This is the good stuff. In order to measure performance we need two (perhaps obvious) things: our estimate of future events and feedback on whether or not those future events actually happened.

Let's walk through an example and create a simple prioritization strategy (or model) that people are familiar with and prioritize all CVEs with a CVSS base score of 7 and above. We will talk later about measuring performance across a range of numbers, but for now, we will just make a binary choice of remediating CVSS score of 7 or above and delaying remediation for anything else and we will compare that against the outcome (observed exploitation activity). This gives each vulnerability two different attributes: if we prioritized or not, and if it had exploitation activity or not. Which means each vulnerability can be labeled with one of four categories, as shown in the figure below. To put numbers to this: As of October 1st, 2023, NVD has published 139,473 CVSS 3.x scores for published CVEs. In the following 30 days (Oct 1 - Oct 30th), we observed 3,852 unique CVEs (with CVSS 3.x scores) with exploitation activity (about 2.7%). Note that we saw a lot more CVEs exploited than that in October, but we are measuring CVSS here and so we limit to those with CVSS 3.x scores. For those 139-thousand we can construct a 2x2 table with the two variables (left), and we can visualize the proportions with a venn diagram (right).

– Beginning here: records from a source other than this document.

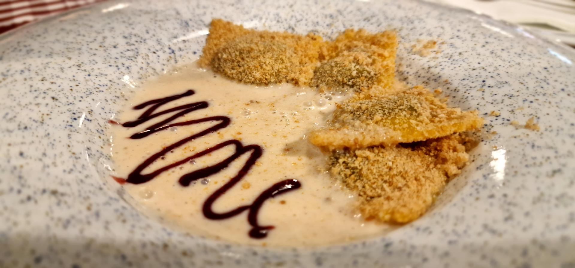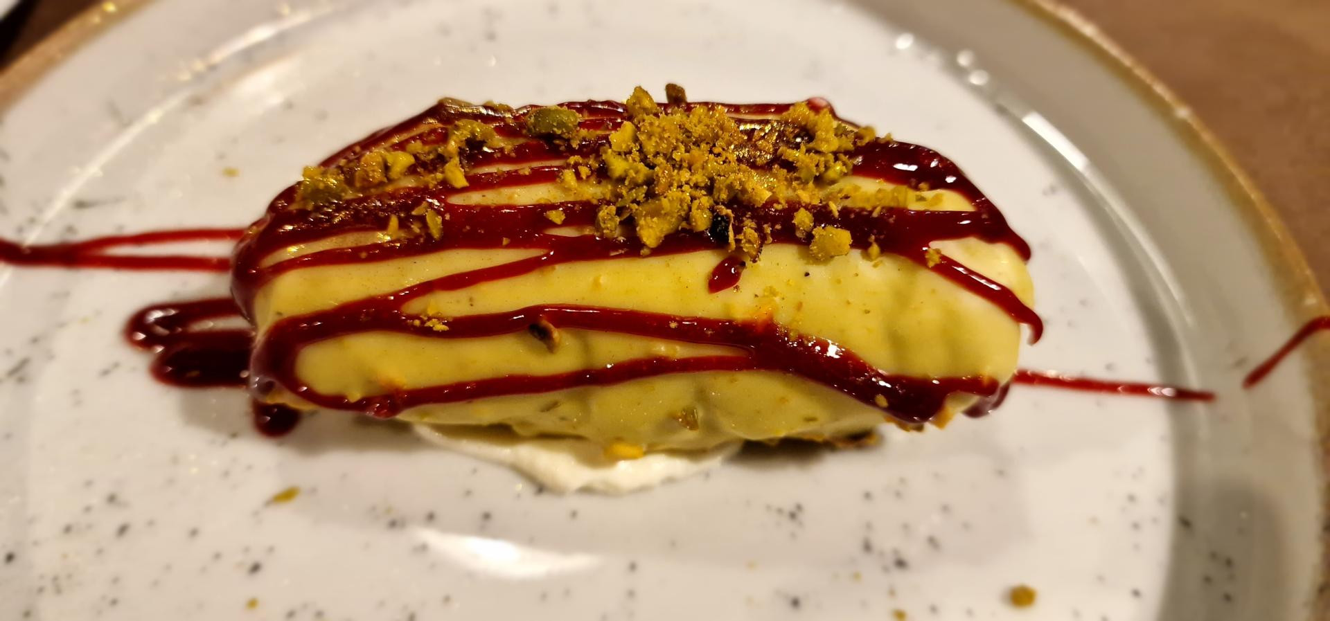 Od deserta, odabrali smo dvije opcije: taške s pekmezom od šljive i pistacio s malinom. Taške su bile upravo ono što očekujete od domaće slastice - bogato punjene, savršeno kuhane, uvaljane u maslac i prezle. Poslužene su s finim umakom od vanilije i ukrasom od coulis preljeva koji daje dodatnu svježinu. Radi se o nostalgičnom jelu kakvog su nekada pravile naše bake u istočnom dijelu Slavonije kao glavno jelo za ručak, ali s dorađenim prezentacijskim dodirom.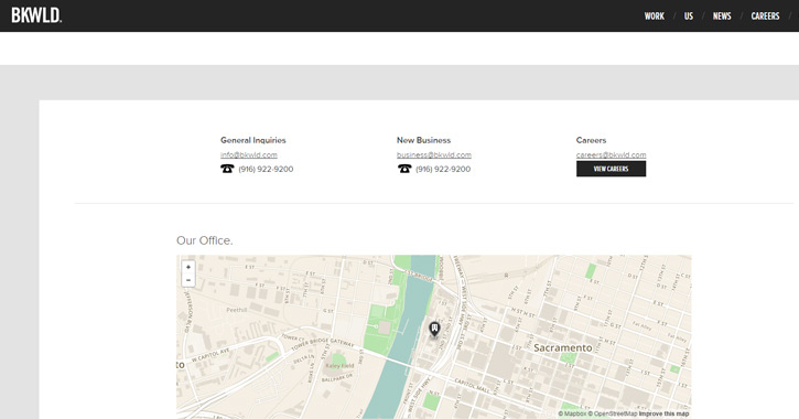 BKWLD的联系页,除了一些基本的邮件/电话信息,添加了MAPbox动态地图,调高了交互性。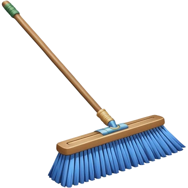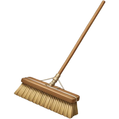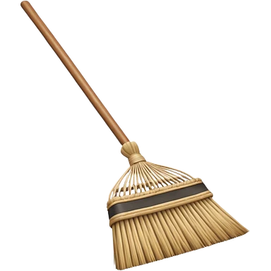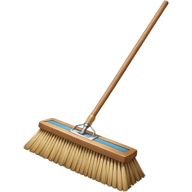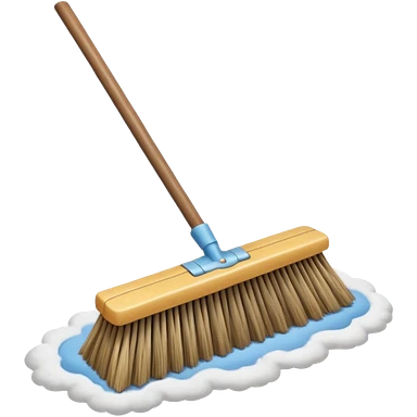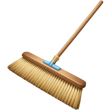 traditional broom with wooden handle on a dusty carpet, straw bristles sweeping visible dust clouds, old-fashioned cleaning tool, vintage household style, 3D cartoon, mobile game icon style, centered composition, no people, no animals, no text, no watermark emoji
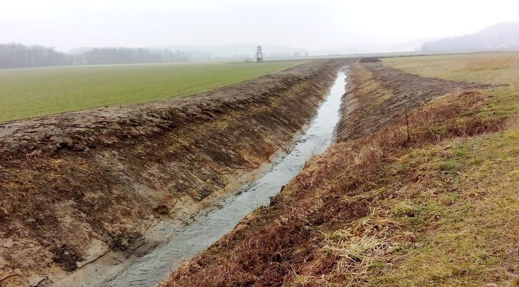 Čagonsko polje s povsem očiščenim melioracijskim jarkom, ob katerem vsaj nekaj časa ne bo prostora za prostoživeče živali. Foto: Marjan Toš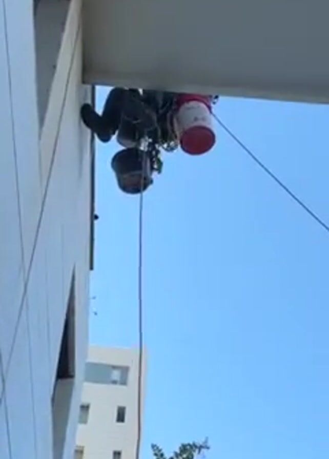 From a low angle, the video depicts a worker suspended by ropes while working on the exterior wall of a multi-story building. The worker is wearing dark clothing and boots. Attached to the worker are two buckets, one red and one black. The worker is positioned under an overhanging section of the building's structure, with a clear blue sky visible in the background. A few trees are also visible, partially obscuring another building in the distance. A rope stretches down from the worker toward the ground.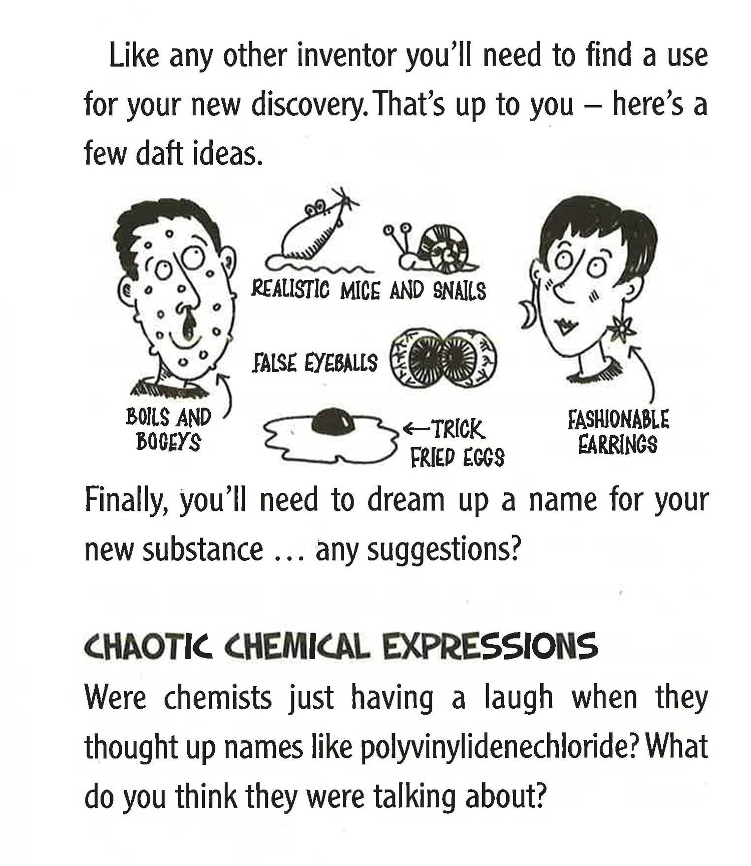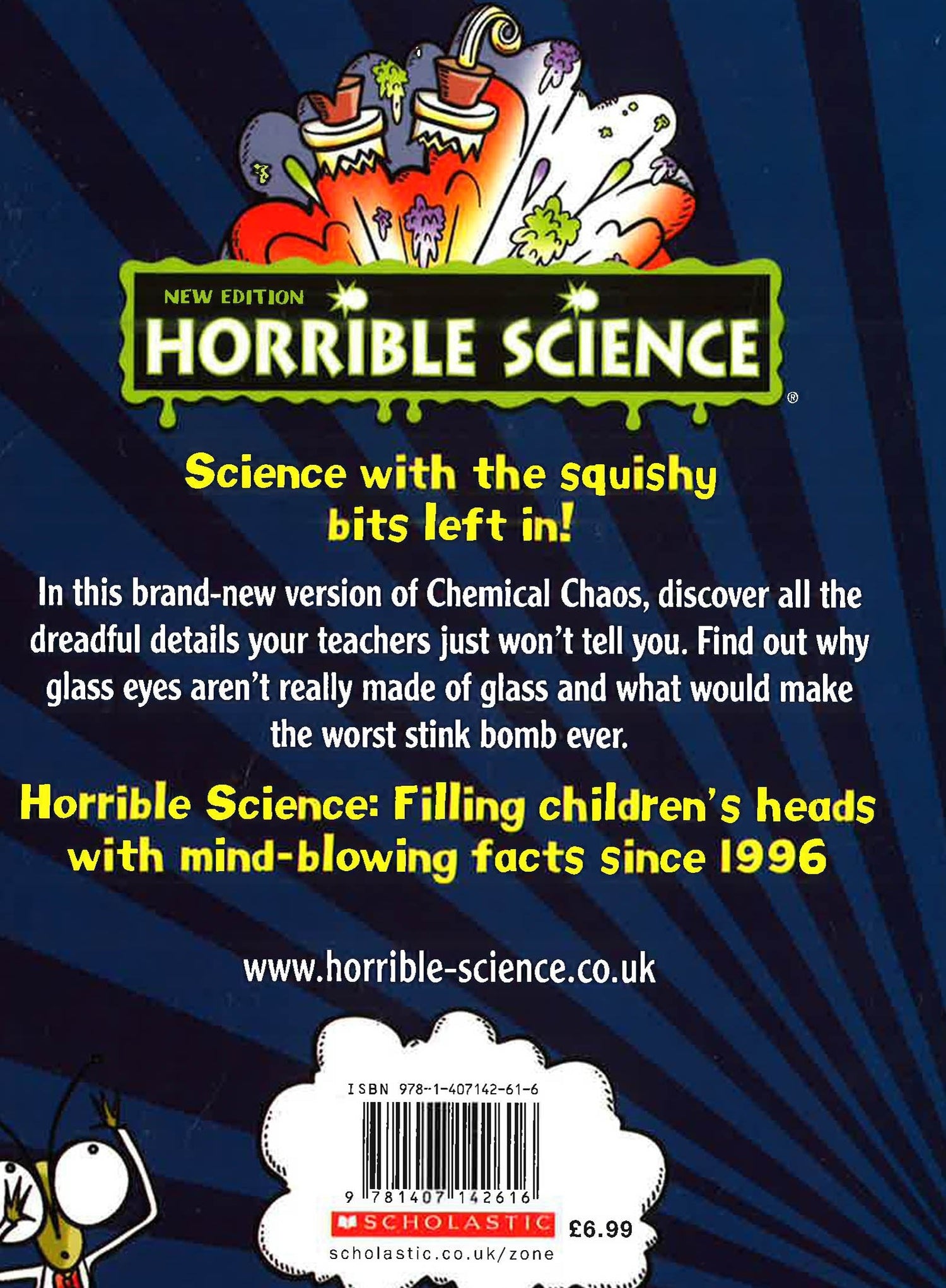 In HORRIBLE SCIENCE: CHEMICAL CHAOS forget the fiendish formulas and take a look at the nasty bits you REALLY want to know about -the bubbling green mixtures, the vile and poisonous potions, the horrible smells, bangs and blasts. Discover how the first chemists - "alchemists" - really searched for the Philosopher's Stone, what suspect substances lurk in your school dinner, the sickening stench of the world's worst stink bomb and which awful acids will eat you alive. Cook up chemical chaos with a gooey book of facts. Brew a potion, wave a test-tube and be blown away by Chemistry! Redesigned in a bold, funky new look for the next generation of HORRIBLE SCIENCE fans.

The large gray circle represents all published CVEs with an NVD-assigned CVSS 3.x score, and all of the CVEs that were scored with 7 or higher with CVSS are shown in blue (our "strategy" says we should prioritize these). And finally all of the CVEs that we observed as being exploited in the following 30 days are shown in red (these are the ones we should have prioritized).

As the figure above shows, the strategy to remediate based on CVSS 7+ prioritizes a large portion of those published CVEs (blue part overlapping the gray) and produces many false positives (the blue part not overlapping the red) and still leaves many of the exploited vulnerabilities open and waiting to be remediated (the red not overlapped by the blue).

Let's compare this to EPSS with a completely arbitrary cutoff set at 10% (Note we say "arbitrary" here because 10% is not an official EPSS threshold, nor any sort of statement about where you should set a threshold. You can use 10% if you'd like, but just know we neither endorse nor oppose this as a threshold and here it is an arbitrary number that we happen to chose for this example.)

The first obvious difference between the two is the size of the blue circle, or the amount of effort each strategy would dictate. With an EPSS threshold set at 10%, the effort is greatly reduced. We also see the False Positives greatly reduced, which is a good thing, but it appears to be at the expense of some True Positives.

Looking at the numbers in the tables is nice but perhaps a little confusing, four intertwined and connected variables is a little much to really determine value and/or performance of any given strategy. We can simplify this table down to two numbers that most organizations will want to track over time: efficiency and coverage and of course we also want to keep an eye on effort, since that is heavily tied to staffing, resources and budgets.

Effort, Efficiency and Coverage

Using these four categories (TP, FP, FN, TN) we can derive three more meaningful metrics, what we've termed as effort, efficiency and coverage. The last two, efficiency and coverage, are also referred to as precision and recall respectively.

Effort is measuring the proportion of vulnerabilities being prioritized. Research by Cyentia and Kenna Security (now part of Cisco) has shown that most organizations are able to remediate an average of 10-15% of their open vulnerabilities per month, this is something to keep in mind when comparing different strategies and the time/resources they would demand of your stakeholders.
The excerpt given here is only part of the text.